Live recording saves with timestamp:

uv run stream_audio_file.py --live \
  --url "wss://api.deepgram.com/v1/listen?model=nova-3&interim_results=true"
# Saves to recording_20250114_153022.json (or similar)

Print basic transcript:

uv run print_transcript.py -f output.json
[00:00:00.56 - 00:00:03.29]: The missile knows where it is at all times.
[00:00:03.75 - 00:00:06.17]: It knows this because it knows where it isn't.

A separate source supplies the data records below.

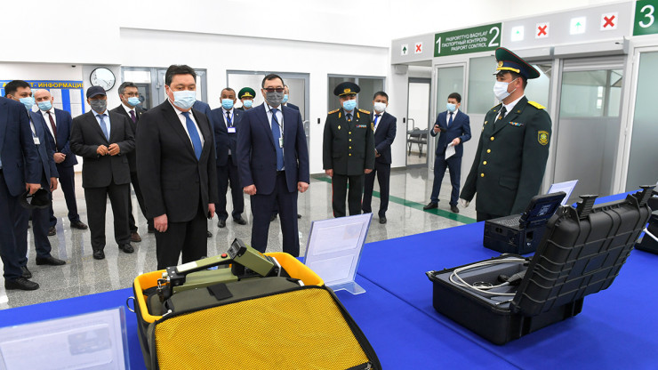 В рамках рабочей поездки премьер-министр РК посетил модернизированный пункт пропуска "Б. Конысбаева" на казахстанско-узбекской границе. После проведенной с июля 2019 года по декабрь 2020 года реконструкции площадь его застройки увеличилась в два раза, до 6 гектаров, количество полос движения - с 2 до 6, число кабин паспортного контроля - с 6 до 16, установлены современные инспекционно-досмотровые комплексы. В результате принятых мер пропускная способность пункта выросла более чем в 6 раз, с 150 до 1 тысячи автомобилей в сутки в обоих направлениях, время прохождения сокращено в два раза - с 60 до 25 минут.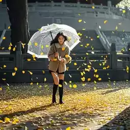 Around 11:00, when the sunlight slants, the wind blows and leaves fall like golden rain. Bring a transparent umbrella prop for ultra-beautiful videos!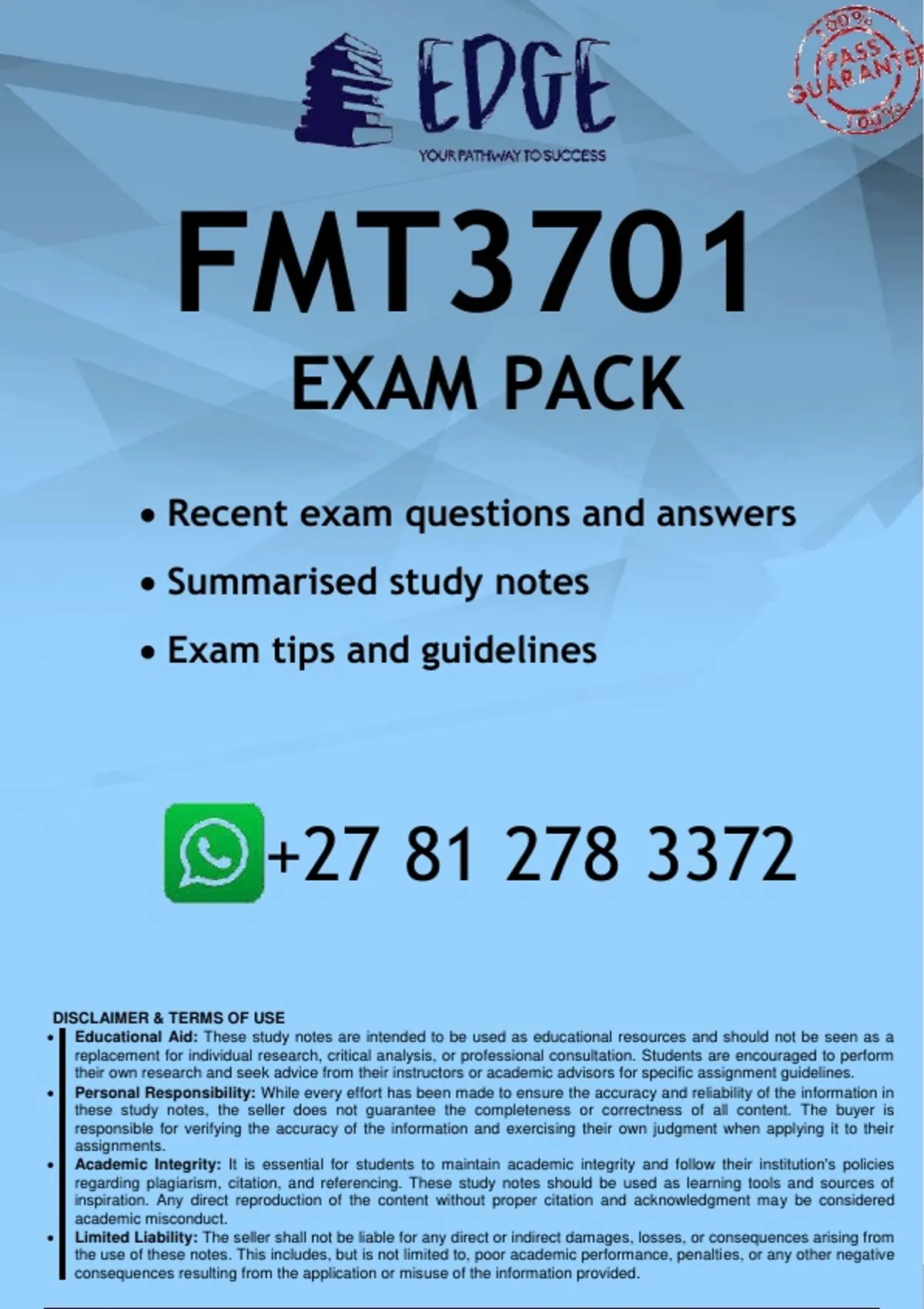 The FMT3701 Exam is a closed-book examination. You are not permitted to access any external resources or view documents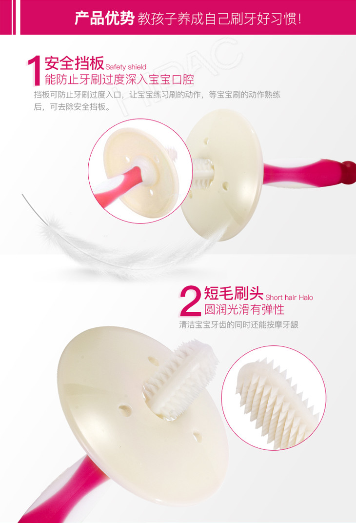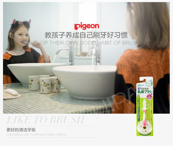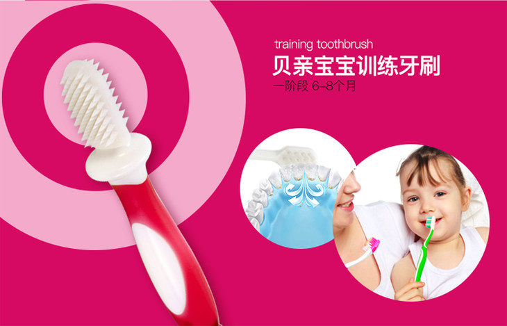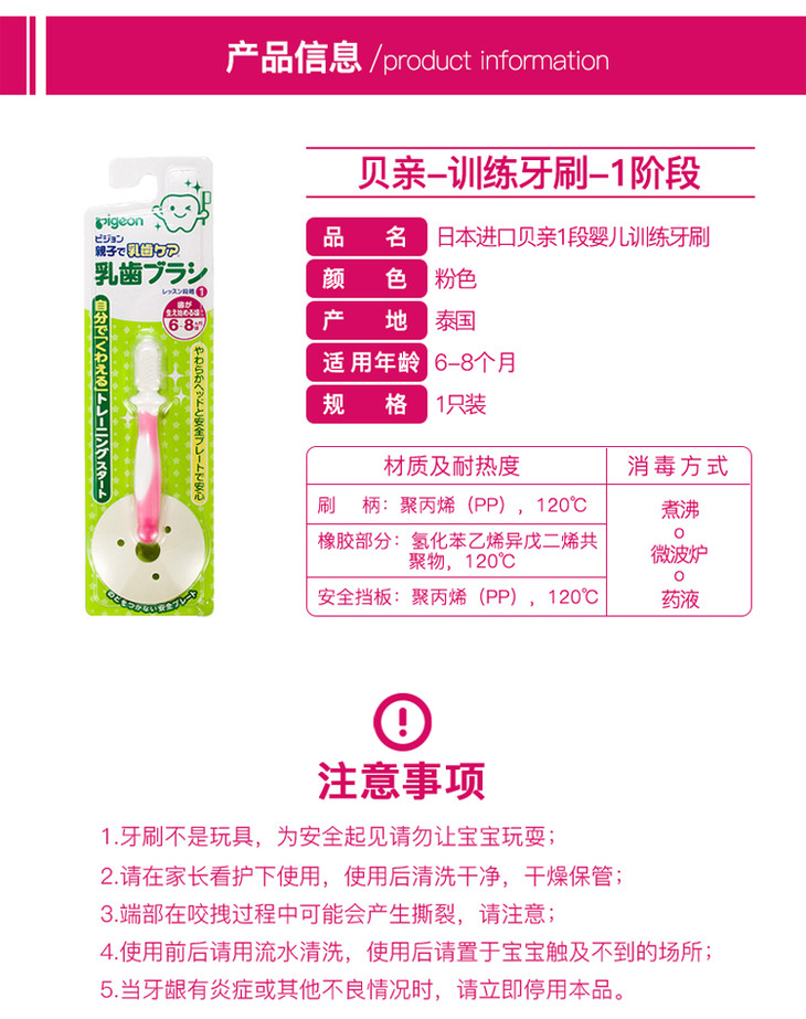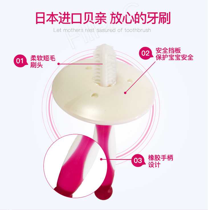【一般贸易】日本贝亲Pigeon 婴儿一阶段乳齿训练牙刷 6-8个月 粉色一支装
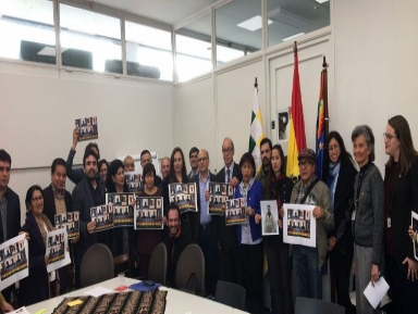 La comunidad boliviana y latinoamericana residente en Europa, anoticiada de las gestiones que el Canciller Fernando Huanacuni está realizando en Ginebra, Suiza, relativas a la detención arbitraria e injusta de 9 Ciudadanos Bolivianos en Chile, transmitió sus muestras de solidaridad, su voz de aliento y confianza en las acciones que realiza el Gobierno de Bolivia para su pronta liberación.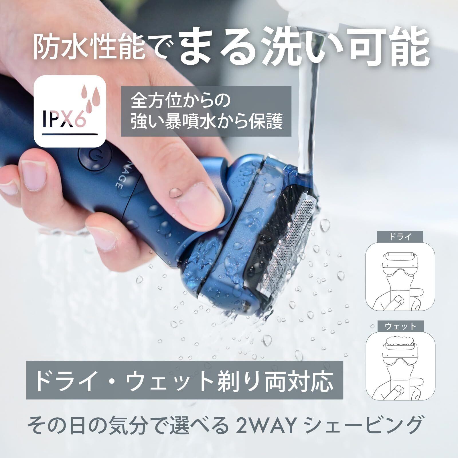 【ドライ・ウェット剃り両対応、IPX6防水設計】防水設計なのでドライ剃りはもちろん、シェービングフォームやジェルの使用もOK。コンセントを抜けばお風呂での使用も可能。朝の洗顔ついでや入浴時にもサッと使える!防水性能はIPX6なので丸洗い可能、ヘッドも簡単に取り外せるので刃の内部にたまった毛くずもお手入れ!本体を清潔に保つことで長く使用することができます。(洗浄時は完全に水中に沈めないでください。)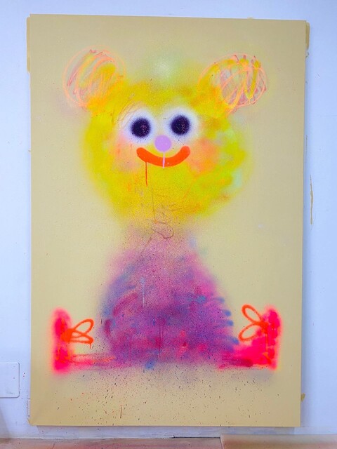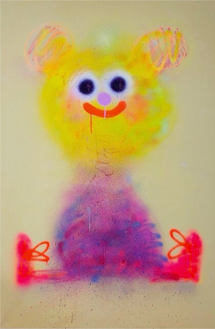 Hobnob is a vibrant mixed media work created by Jon Burgerman in 2022 using aerosol and oil bar on canvas. The piece combines the bold, immediate qualities of spray paint with the expressive potential of oil bars to create dynamic compositions. This work exemplifies Burgerman's playful approach to contemporary street art and fine art practice. The combination of materials creates layered textures and visual interest across the canvas surface.

Print with all the details:

uv run print_transcript.py -f output.json \
  --print-speakers --print-channels --print-interim --print-latency --colorize
[18:30:24.066 (0.665s since EOS)] [00:00:00.00 - 00:00:03.48] [Speaker 0] [Channel 0] [IsFinal]: The missile knows where it is at all times.

Print just the text:

uv run print_transcript.py -f output.json --only-transcript
The missile knows where it is at all times.
It knows this because it knows where it isn't.

Key Options

stream_audio_file.py

Option Description
--url, -u Deepgram websocket URL (required)
--ui Interactive terminal UI with live updates
-f, --audio Audio file to stream
-l, --live Stream from microphone
-o, --output Save JSON messages to file (defaults to input filename or timestamped name)
-v, -vv, -vvv Increase verbosity
--vad/--no-vad Run PyAnnote VAD concurrently to enable EOT latency measurement (requires HF_TOKEN env var)
--play-audio Play audio through the speaker as it streams (file mode only)

print_transcript.py

Option Description
--print-speakers Show speaker labels
--print-channels Show audio channels
--print-interim Include interim results
--print-received Show received timestamp for streamed messages
--print-latency Show latency metrics (TTFT, update frequency, message latency, EOT latency)
--print-entities Show detected entities
--colorize Color words by confidence
--only-transcript Just the text, no metadata

Run either script with --help for full options.

Shell Completion

Generate shell completions for your preferred shell:

uv run stream_audio_file.py completion bash  # or zsh, fish

Metrics Calculated

When using --print-latency, the following metrics are computed:

Session-level:

  • TTFT (Time To First Transcript): Wall-clock time from when audio streaming begins to when the first transcript message is received. Measures initial responsiveness.
  • Update Frequency: Number of interim transcript updates per second of audio. Higher values mean a more fluid, responsive transcription experience.

Per-message:

  • Message Latency: How far behind the transcription is from the audio being sent, calculated as audio_cursor - transcript_cursor. Measured on interim results only, per Deepgram's methodology.
  • EOT Latency (End-of-Turn Latency): Time from when the user finished speaking to when the finalizing transcript event is received (e.g., speech_final, UtteranceEnd, EndOfTurn). Requires --vad flag — uses PyAnnote VAD to detect when speech actually ended, and measures wall-clock time from when that audio was sent over the websocket to when the response arrived. Critical for voice agents — they can't respond until they know the user stopped speaking.

What's Happening?

The UI mode shows transcription speed in real-time—watch words appear as you speak and see exactly how fast Deepgram processes your audio. The --print-latency option reveals latency metrics, perfect for testing different models and configurations.